Factify.ai: The Story Behind Building an AI-Powered Social Media Fact-Checker

Inspiration

We were scrolling through social media platforms such as Twitter, Instagram, and Facebook when we kept seeing fake news and misinformation. What if we could fact-check any social media post with just one click?
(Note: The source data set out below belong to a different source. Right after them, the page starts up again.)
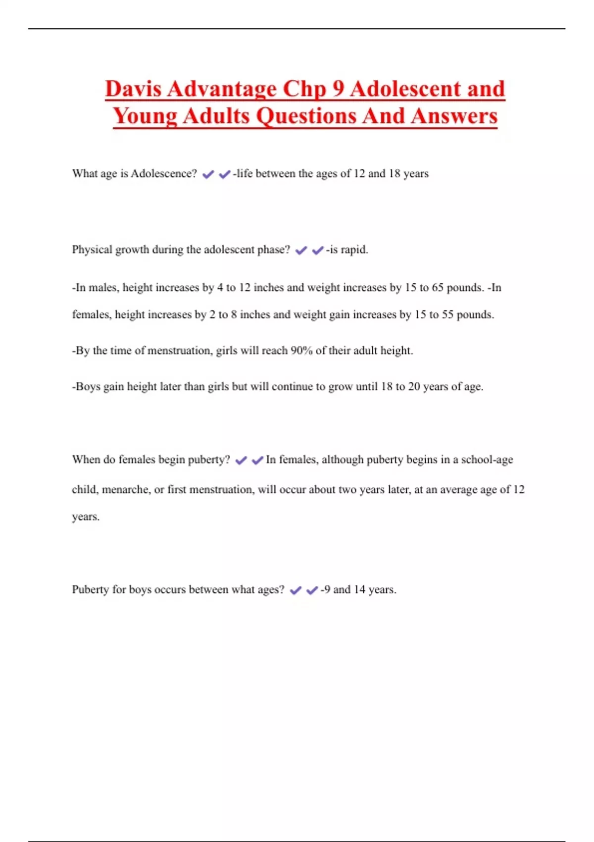 , Davis Advantage Chp 9 Adolescent and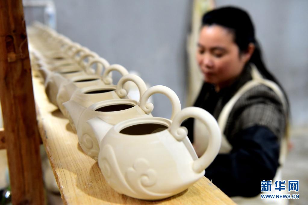近年来,河南省宝丰县不断推进汝瓷产业发展,加快汝瓷产业结构调整和产品质量优化升级。目前,全县汝瓷烧制技艺代表性传承人已达百余人,汝瓷烧制企业和研究机构124家,年产汝瓷800余万件(套)。新华社记者 朱祥 摄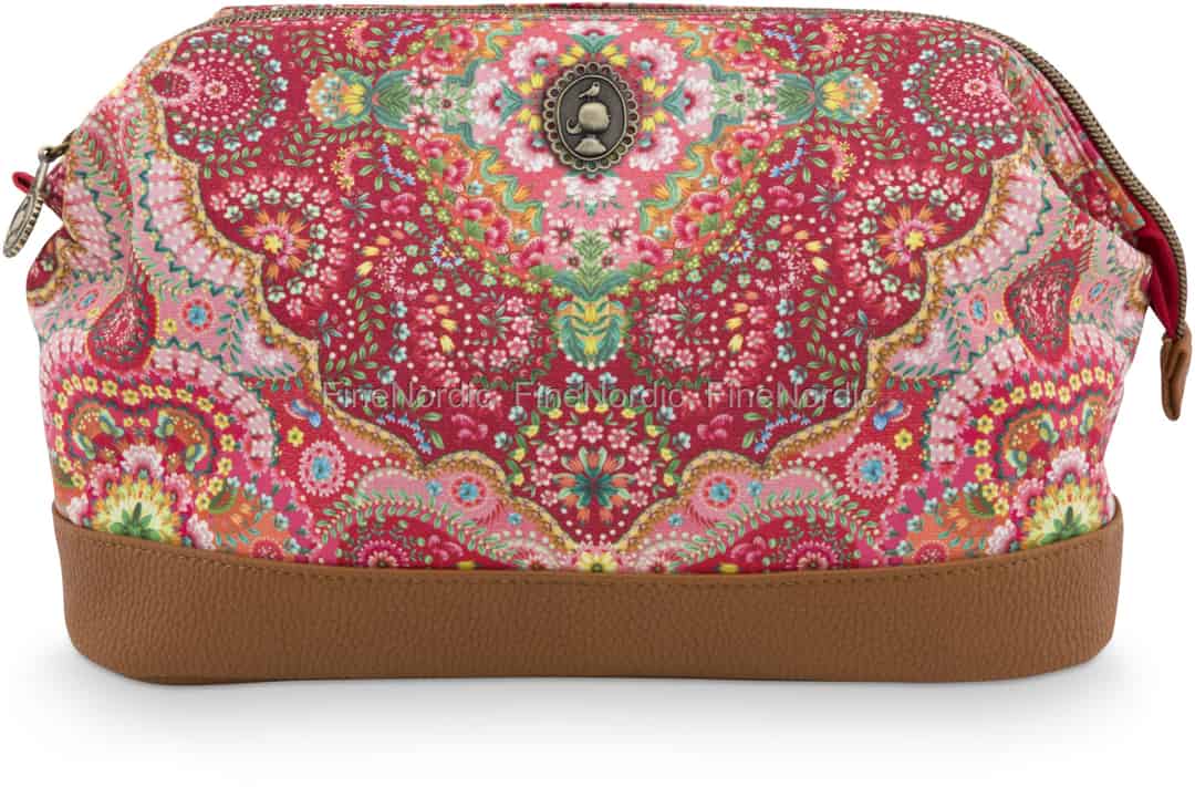 Möchten Sie Ihre Make-up- und Schönheitsartikel sicher an einem Ort aufbewahren, anstatt sie in einer Schublade zu verteilen? Dann könnte diese gut aussehende Kosmetiktasche Moon Delight Red von Pip Studio Ihr Interesse wecken. Diese große Kosmetiktasche ist mit einem farbenfrohen Blumenmuster verziert, bei dem Rottöne das Design dominieren. Auf der Vorderseite befindet sich das Pip Studio Logo Emblem. Oben entlang der Beutels befindet sich ein praktischer Reißverschluss. Der rote Kulturbeutel besteht aus wasserabweisendem Satin und ist mit Kunstlederpaspeln besetzt. Er ist außerdem auch ein praktisches Reisetäschchen nur für Ihre Schönheitsartikel, sowie ein schöner Aufbewahrungsbeutel für auf Ihr Badezimmerregal.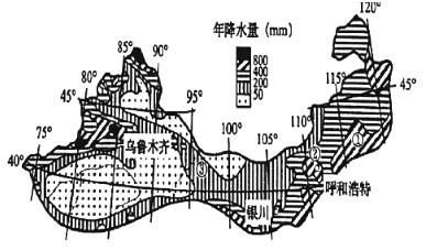 16、读我国局部地区年降水量分布示意图,完成小题。(1)、图中①②③三地降水分布的特点是( )A、自①地向③地降水递增 B、自①地向③地降水递减 C、①③两地降水多于②地 D、①③两地降水少于②地(2)、该地区突出的自然特征是干旱。产生这一特征的原因,按因果逻辑关系排列正确的是( )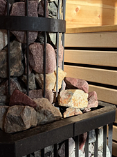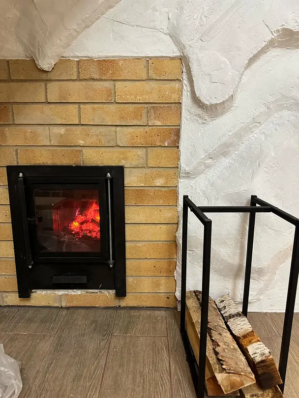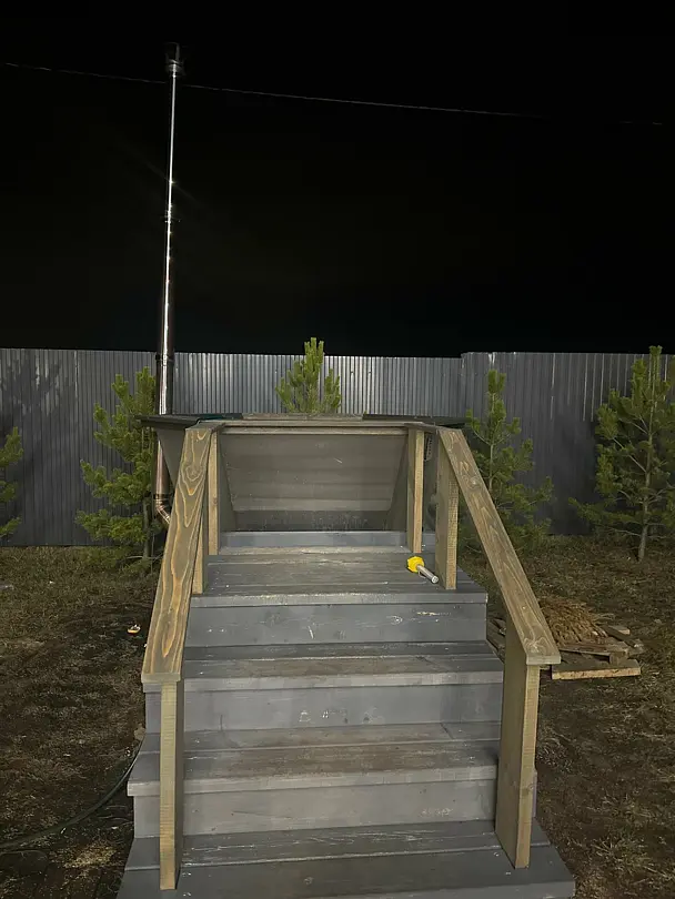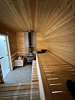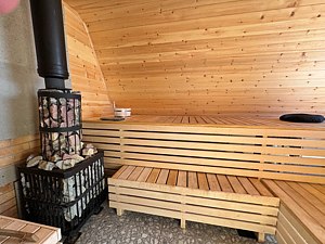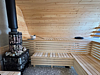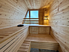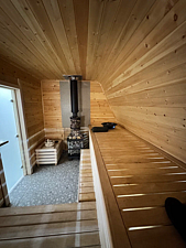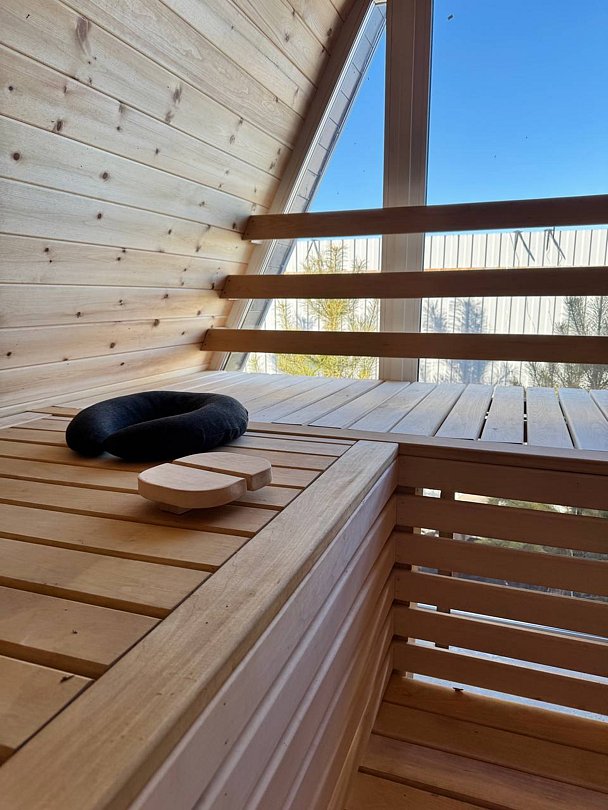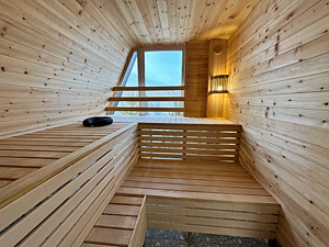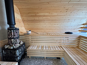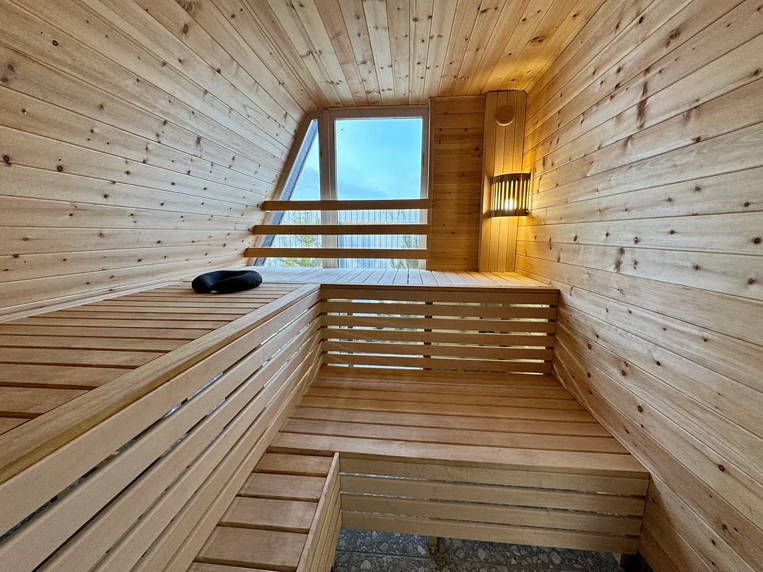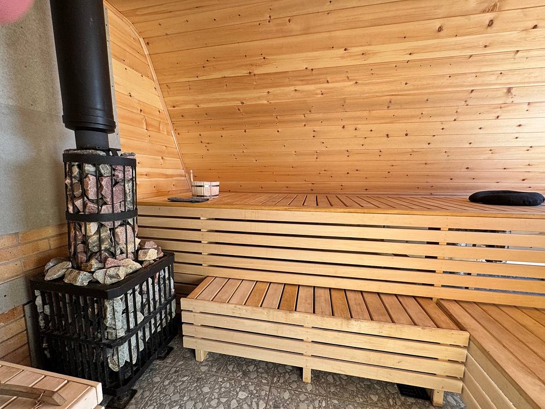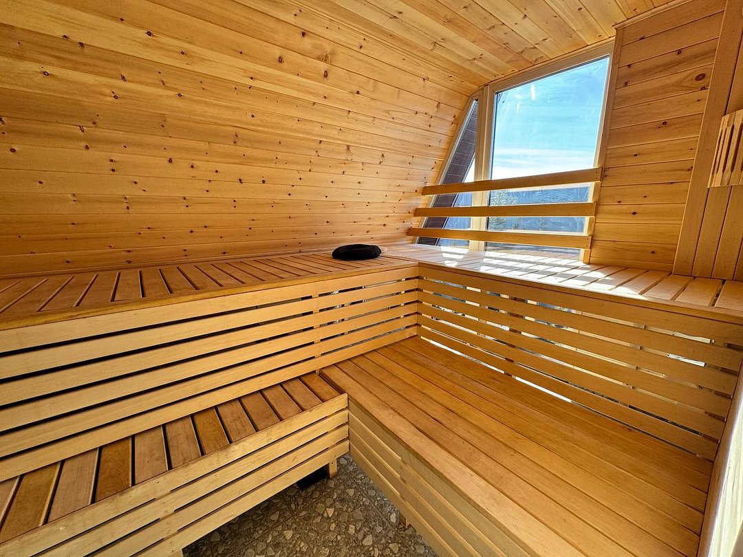 Дровяная печь дарит жар, который прогревает до самых косточек. Уютный интерьер из натурального кедра — идеальное место для релакса. Два уровня полок — выбирай свой комфорт. Большое окно с видом на природу — баня с настроением и светом!

No more copying and pasting text into search engines. No more manual verification. Just click, and get AI-powered analysis with credible sources, right where you're already consuming content.

What it does

Factify.ai is a comprehensive Chrome Extension (Manifest V3) paired with a Next.js backend that provides instant AI-powered fact-checking for social media posts. Here's what it does:

For Users

  • One-Click Fact-Checking: Simply click a "Fact Check" button that appears on every post across Twitter/X, Instagram, and Facebook
  • AI-Powered Analysis: Uses Google Gemini 2.5 Flash Lite to extract 2-3 verifiable claims from posts and analyzes each one
  • Source Verification: Automatically finds credible sources using Google Search grounding, providing links, credibility scores (1-10), and relevance ratings
  • Image Intelligence: Extracts and analyzes text from images using Gemini Vision API, so even memes with text overlays get fact-checked
  • Credibility Scoring: Provides detailed ratings (1-10) for each claim and an overall post assessment with labels like "True", "Likely False", "Mixed", or "Unverifiable"
  • Beautiful Interactive UI: Shows results in an elegant overlay with expandable claims, source citations, and confidence levels

Technical Capabilities

  • Multi-Platform Support: Works seamlessly across Twitter/X, Instagram, and Facebook with platform-specific DOM detection
  • Secure Authentication: Firebase Google OAuth with session cookies for cross-origin security
  • Usage Tracking: Free tier with daily limits; Pro tier with unlimited fact-checks
  • Real-Time Processing: Handles claim extraction, fact-checking, and source finding in seconds

How we built it

The architecture follows a three-tier system:

1. Chrome Extension (Frontend)

Technology Stack: JavaScript, Chrome Extensions API (MV3), HTML/CSS

The extension consists of three main components:

  • Content Script (content.js): Detects the current platform (Twitter/Instagram/Facebook), injects fact-check buttons into every visible post using platform-specific CSS selectors, extracts post text and images, and displays the results in a beautiful overlay UI
  • Background Service Worker (background.js): Handles all API communication, image fetching and base64 conversion, bridges Chrome's Prompt API (LanguageModel) for claim extraction, and manages authentication state
  • Popup Interface (popup.js/popup.html): Shows user status, daily statistics, sign-in options, and upgrade prompts

Key Implementation Details:

  • Platform detection using URL matching and DOM structure analysis
  • Dynamic button injection that adapts to each platform's UI patterns
  • Asynchronous message passing between content script and background worker
  • Image processing pipeline that converts images to base64 for API transmission

2. Next.js Backend (API Server)

Technology Stack: Next.js 14 (App Router), TypeScript, Node.js

The website provides RESTful API endpoints:

  • /api/fact-check: Main endpoint that receives text and claims, performs fact-checking using Gemini API with Google Search grounding, and returns structured results
  • /api/image-extraction: OCR endpoint that extracts text from images using Gemini Vision API
  • /api/auth/*: Multiple authentication endpoints supporting Firebase ID tokens, session cookies, and JWTs
  • /api/me and /api/me/limits: User information and quota management

Architecture Highlights:

  • Server-side authentication using Firebase Admin SDK
  • JWT tokens with 24-hour expiration; session cookies with 14-day expiration
  • CORS protection configured for extension origins and website domain
  • Input validation and sanitization on all endpoints
  • Server-side quota enforcement to prevent abuse

3. Firebase & Firestore (Backend Services)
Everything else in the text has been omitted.